- Investigação da Universidad da Califórnia identifica que o envelhecimento do tecido pulmonar aumenta a inflamação associada à COVID-19 e à gripe, destacando células imunitárias marcadas pelo gene GZMK.
- Células estruturais do pulmão, os fibroblastos, desencadeiam uma resposta imunitária que atrai células inflamatórias, formando aglomerados observados em casos de COVID grave.
- Ao eliminar geneticamente as células GZMK, os pulmões de ratos jovens resistem à infeção, sugerindo que o tecido pulmonar envelhecido é a principal causa da inflamação.
- Análises de tecido de doentes idosos com síndrome de dificuldade respiratória aguda grave associada à COVID mostraram os mesmos aglomerados inflamados, presentes principalmente em casos graves.
- No futuro, pode surgir terapêutica que vise diretamente as células GZMK para reduzir a inflamação ligada ao envelhecimento e contribuir para tratar doenças respiratórias como a DPOC.
A nova investigação, conduzida por cientistas da Universidade da Califórnia, em São Francisco, sugere que o envelhecimento do tecido pulmonar explica, em parte, porque os adultos mais velhos sofrem mais com COVID-19 e gripe. O estudo, publicado na revista Immunity, foca nas células fibroplásticas do pulmão. A inflamação associada ao envelhecimento, ou inflammaging, surge como chave.
Os investigadores observaram que fibroblastos envelhecidos sinalizam para uma resposta imunitária exagerada.
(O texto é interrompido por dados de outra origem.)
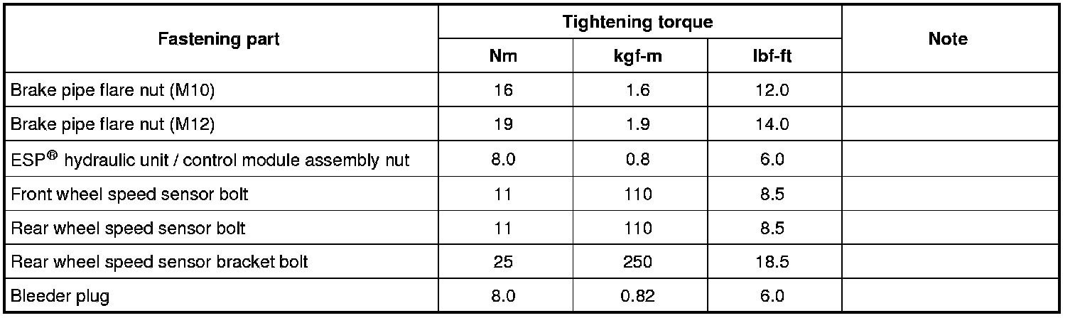 For the tightening torques of fasteners not specified in this section, refer to Fastener Information Fastener Information.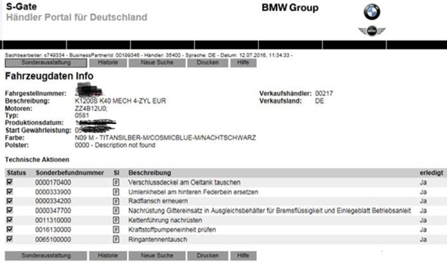 Nicht für alle Arbeiten gab es einen Rückruf, sondern wurde teilweise stillschweigend bei der Inspektion mit erledigt.

Em ratinhos jovens recombinados para emitir sinais de idade, surgiram aglomerados de células inflamadas que comprometeram os pulmões. Células imunitárias com expressão do gene GZMK estiveram envolvidas.
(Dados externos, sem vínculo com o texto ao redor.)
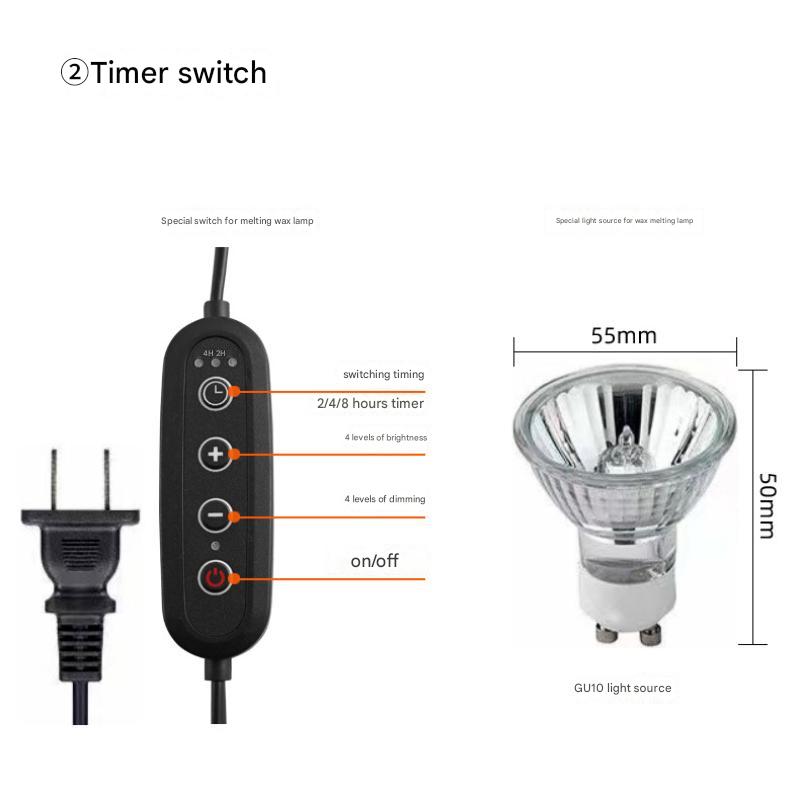 【Función de temporización】 Conjunto para 2H, 4H o 8H, garantizando la seguridad y la comodidad. La lámpara calentadora de velas le permite personalizar el tiempo de calentamiento según sus necesidades.

Ao eliminar as células GZMK por via genética, os pulmões jovens resistiram melhor à infeção, sugerindo que o tecido envelhecido é a principal fonte da inflamação. Os resultados indicam que o envelhecimento tisular pode desencadear respostas prejudiciais durante doenças respiratórias.
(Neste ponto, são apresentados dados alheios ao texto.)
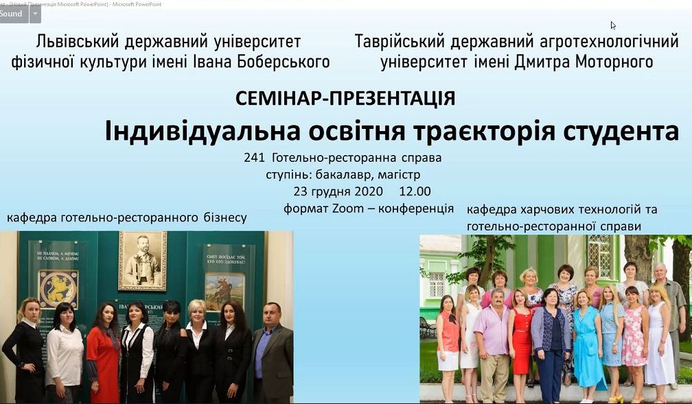Міжвузівський семінар «Індивідуальна освітня траєкторія студента» був організований викладачами кафедри харчових технологій та готельно-ресторанної справи Таврійського державного агротехнологічного університету імені Дмитра Моторного та кафедри готельно-ресторанного бізнесу Львівського державного університету фізичної культури імені Івана Боберського. У роботі семінару також взяли участь студенти спеціальності 241 «Готельно-ресторанна справа».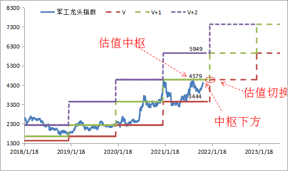 今天军工龙头指数收在4474点,处于透支明年(绿色虚线)盈利增长的合理价位的下方。根据经验,当前估值还是处于中枢以下。

Impacto do envelhecimento no pulmão
A pesquisa mostra que o que chamam de inflammaging surge da interação entre fibroblastos e células imunitárias. A presença de aglomerados inflamados foi maior em pacientes com COVID grave e síndrome de dificuldade respiratória aguda ARDS. Doentes saudáveis não apresentavam o fenómeno.
Os autores destacam que, durante a COVID, os pacientes mais vulneráveis continuaram com inflamação pulmonar mesmo após a infeção ter cedido. Esse circuito de disfunção entre células do pulmão e do sistema imunitário pode manter o dano mesmo sem vírus ativo.
Perspectivas terapêuticas
O estudo aponta para novos alvos terapêuticos que visem o tecido pulmonar envelhecido e as vias de inflamação associadas. A intervenção precoce poderia evitar a progressão para inflamação grave que exige suporte ventilatório. A hipótese abre caminho a estratégias específicas para GZMK.
Os cientistas ressaltam que os fibroblastos podem potenciar respostas inflamatórias em outras doenças pulmonares, como DPOC. A investigação reforça a necessidade de analisar o papel do envelhecimento na resposta imunitária durante infeções respiratórias.